WHAT IS REQUIRED >>
Copy exactly, from the beginning of the material below, every line up to and including the one holding "Best Blow Dry", with the pictures left out.

SUPPLIED DATA >>
________________

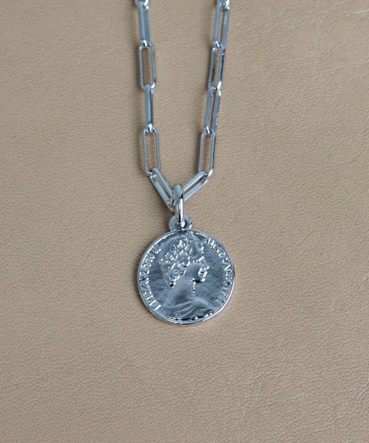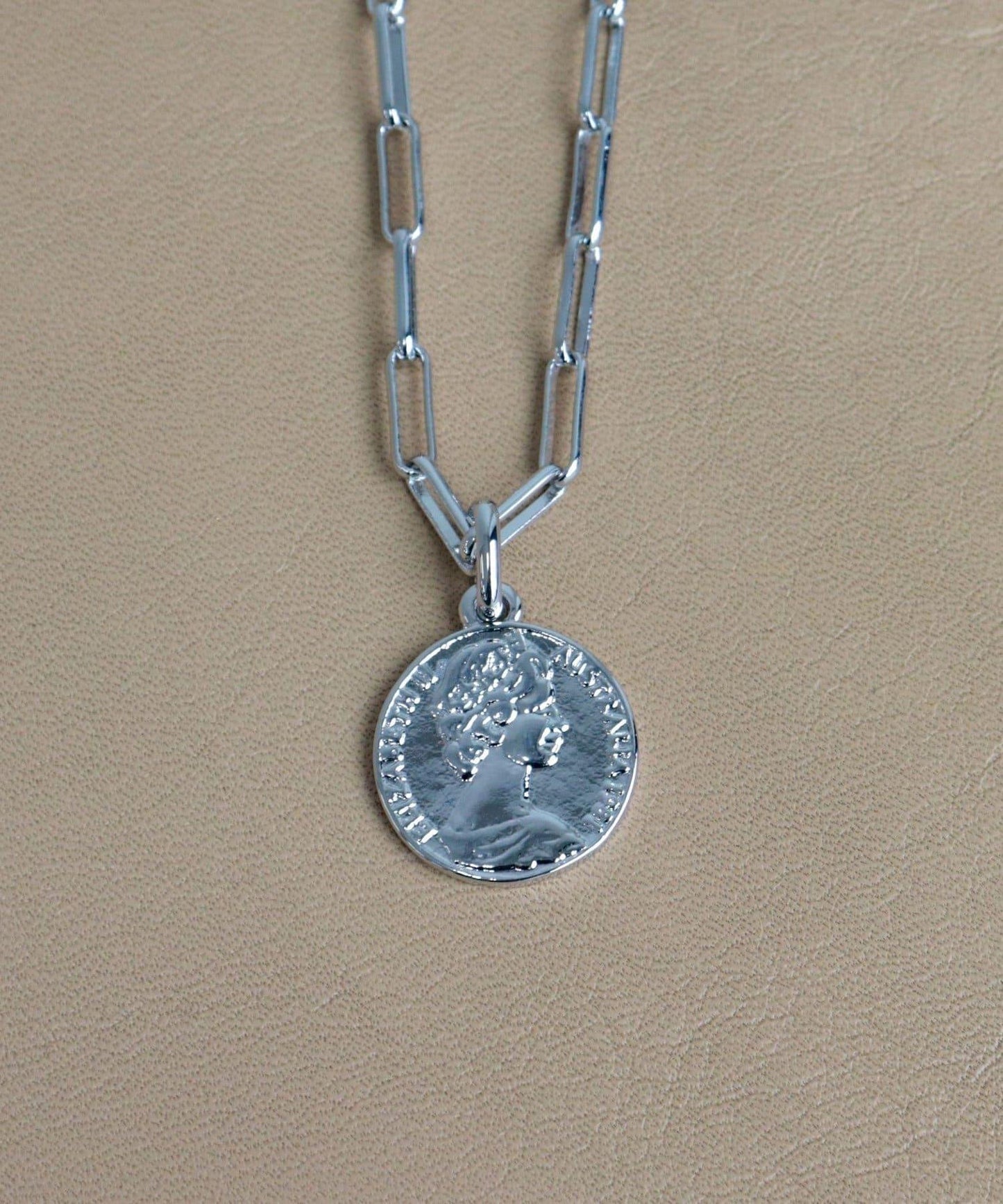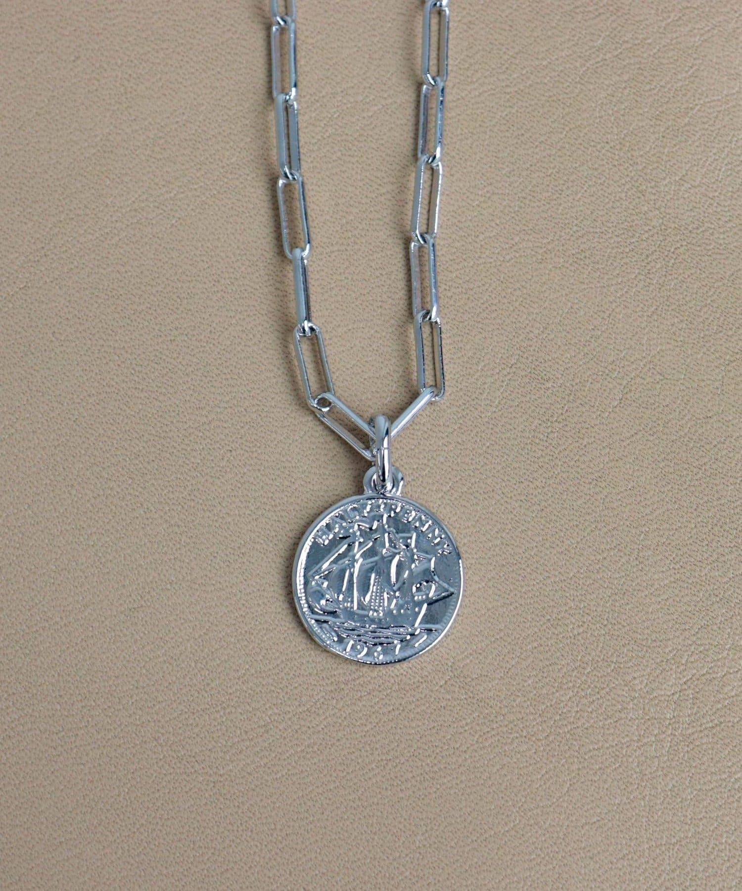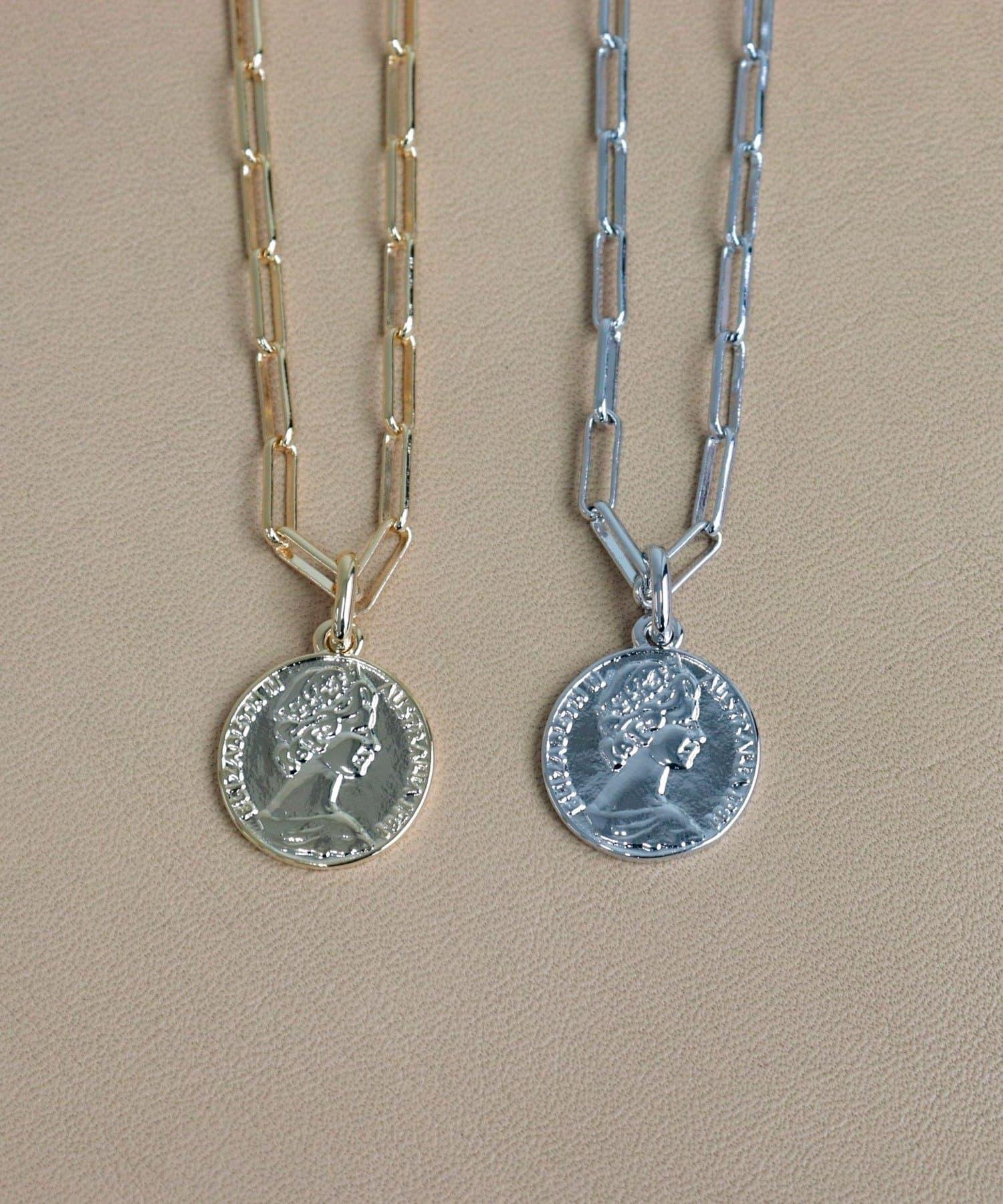 這條項鍊上的壁爐硬件和硬幣吊飾令人印象深刻。
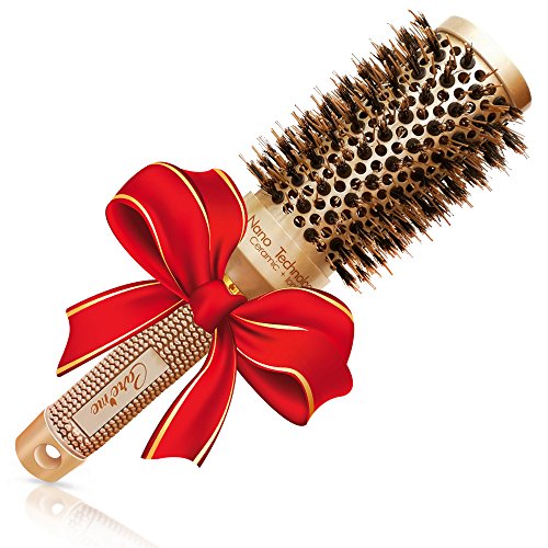 Best Blow Dry Round Hair Brush with Natural Boar Bristles for Blowout - Professional Salon Styling Brush for Healthy Shiny Frizz-Free Hair (1.7 inch)
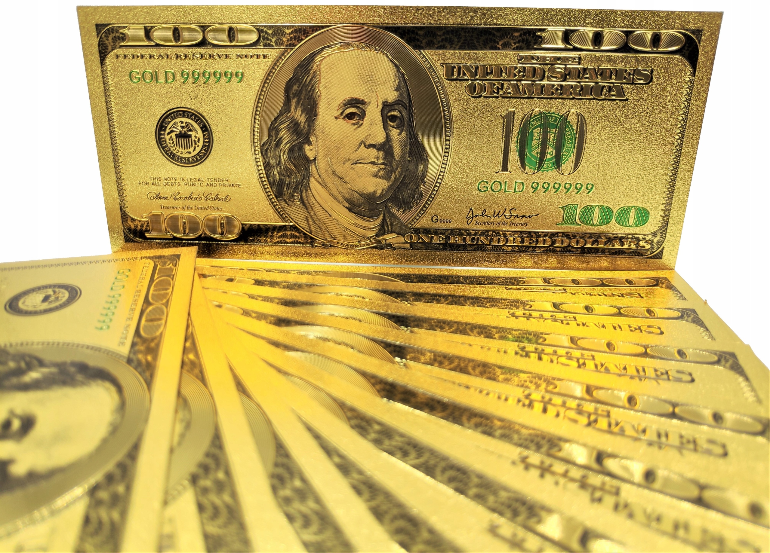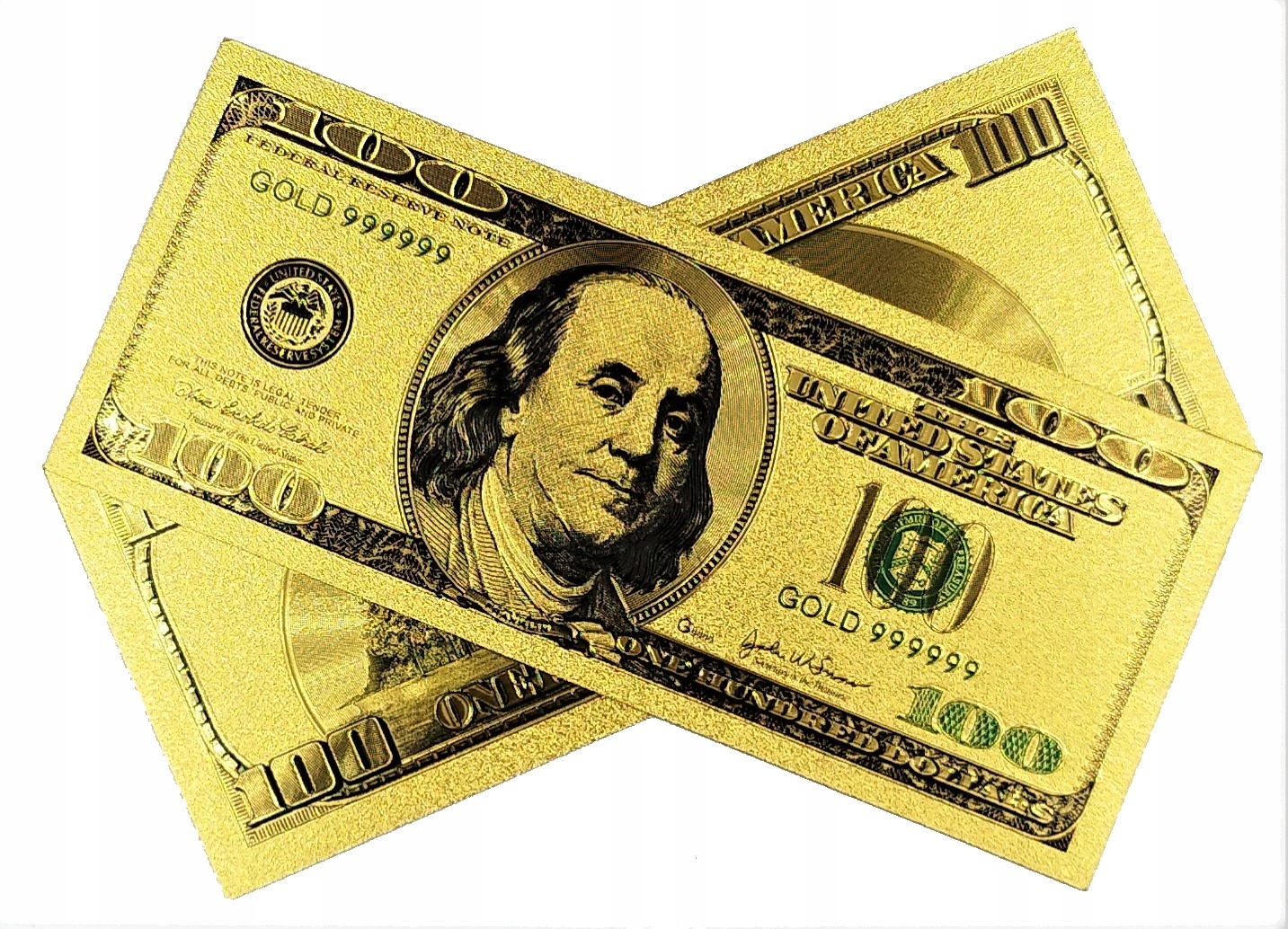 Це точна копія американської обігової банкноти у версії до 2009 року, виготовлена з ПВХ та покритий золотою фольгою.

________________

EXERCISE ANSWER >>
 這條項鍊上的壁爐硬件和硬幣吊飾令人印象深刻。
 Best Blow Dry Round Hair Brush with Natural Boar Bristles for Blowout - Professional Salon Styling Brush for Healthy Shiny Frizz-Free Hair (1.7 inch)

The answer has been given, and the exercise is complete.